* [Dataset excerpts]
((

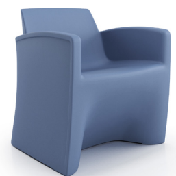
8808 With arms 31 lbs
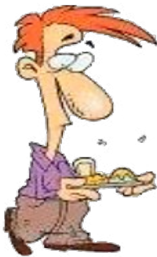
f. Jack / 12:20
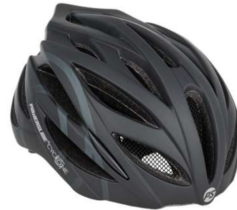
RACING STYLE HELMET
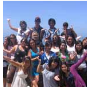
Kaplan San Diego students

Kaplan plans a busy schedule of activities each month including weekend trips to San Francisco, Las Vegas and Los Angeles. There are also days at Sea World and the famous San Diego Zoo. Additional activities may include beach days, museum visits and outdoor sports.
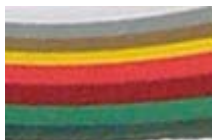
Sparkling Holiday Strips
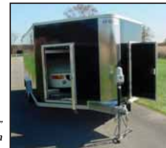
Exclusive "Aero" Front Design
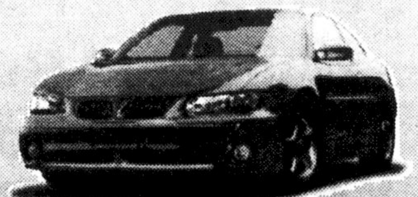
Grand Prix 10 Available
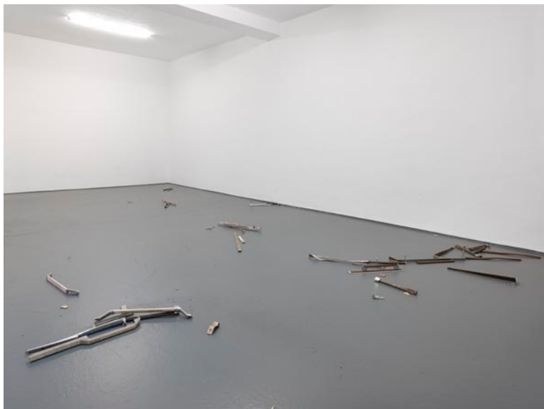
Daniel Turner, "Untitled," 2013. Polyethylene, stainless steel, aluminum, iron, dimensions variable. Installation view Bischoff

Rail: In looking at the UV tinted glass and rubber pieces, "Untitled (4/13/12)," "Untitled Pylamyra (4/17/12)," and "Untitled Pylamyra (4/15/12)," the black rubber that covers the edges functions as a form of drawing as well as a container of space. In some ways they evoke Donald Judd's early works because the issues of art and objecthood, where they are between paintings, reliefs, and sculptures and were all mediated simultaneously through surface, color, form, and so on.
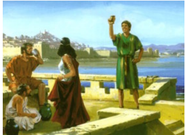
The prodigal son spends all of his _____.
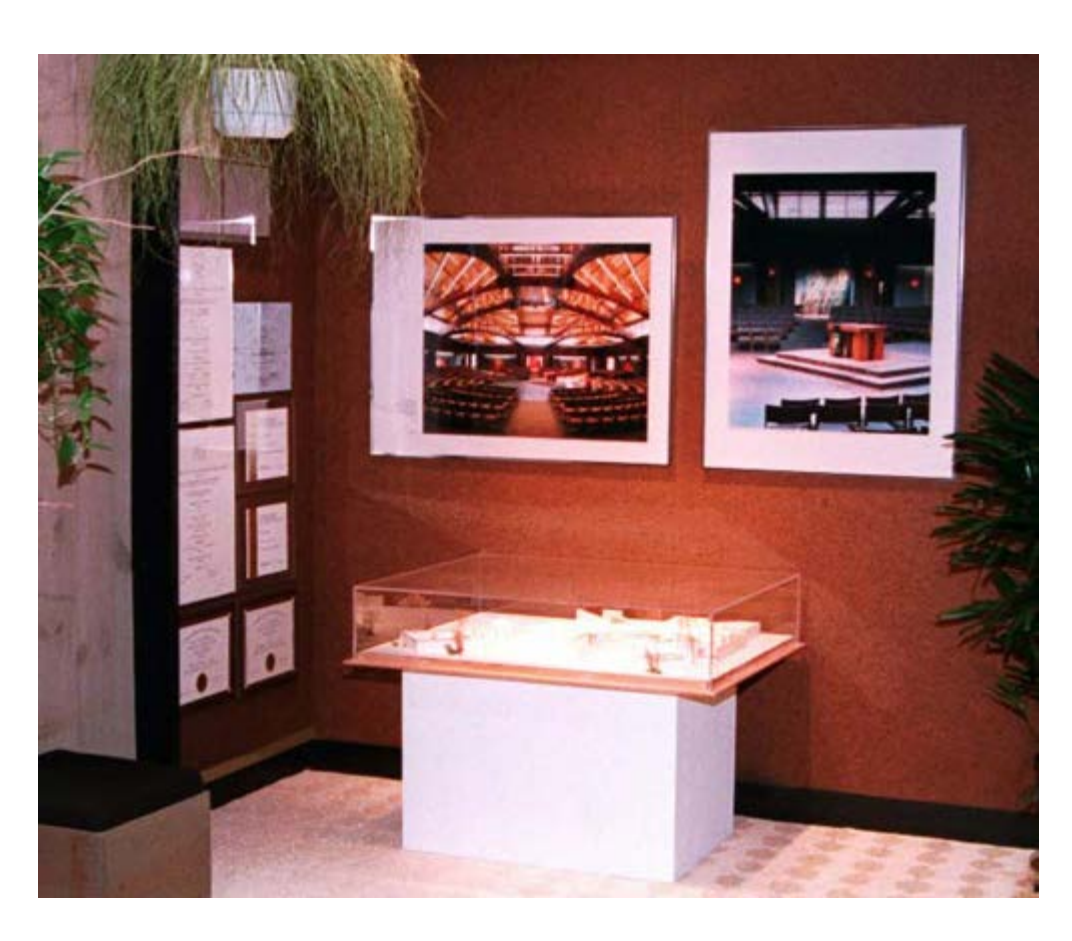
Display of INAI Studio sacred space interior design photos and awards in the lobby of Weber Center Retreat and Conference Center, Adrian, Michigan.

format files? Click on the link to download the latest Adobe Reader. It is safe and secure and free. Really.
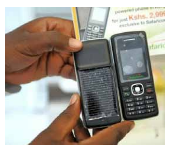
The 'Simu Ya Solar': solar phone launched by Safaricom
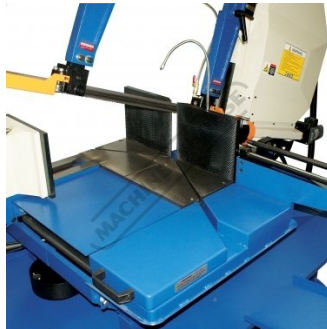
Vice Dual Mitre
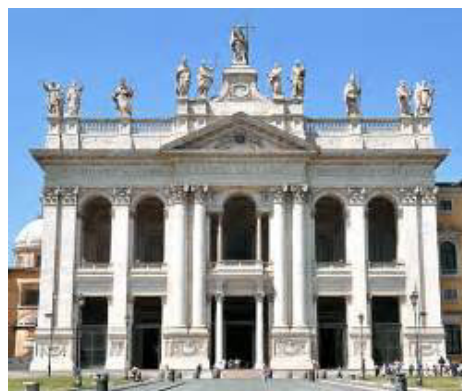
Papal Archbasilica of St John in Lateran.
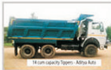
14 cum capacity Tippers - Aditya Auto
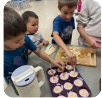
Campers making a healthy snack

))

* [Work request] Each line from the one containing "14 cum capacity Tippers - Aditya Auto" down to the final line of the records above must be reproduced exactly; no pictures go into the copy.

* [Exercise result]
14 cum capacity Tippers - Aditya Auto
Campers making a healthy snack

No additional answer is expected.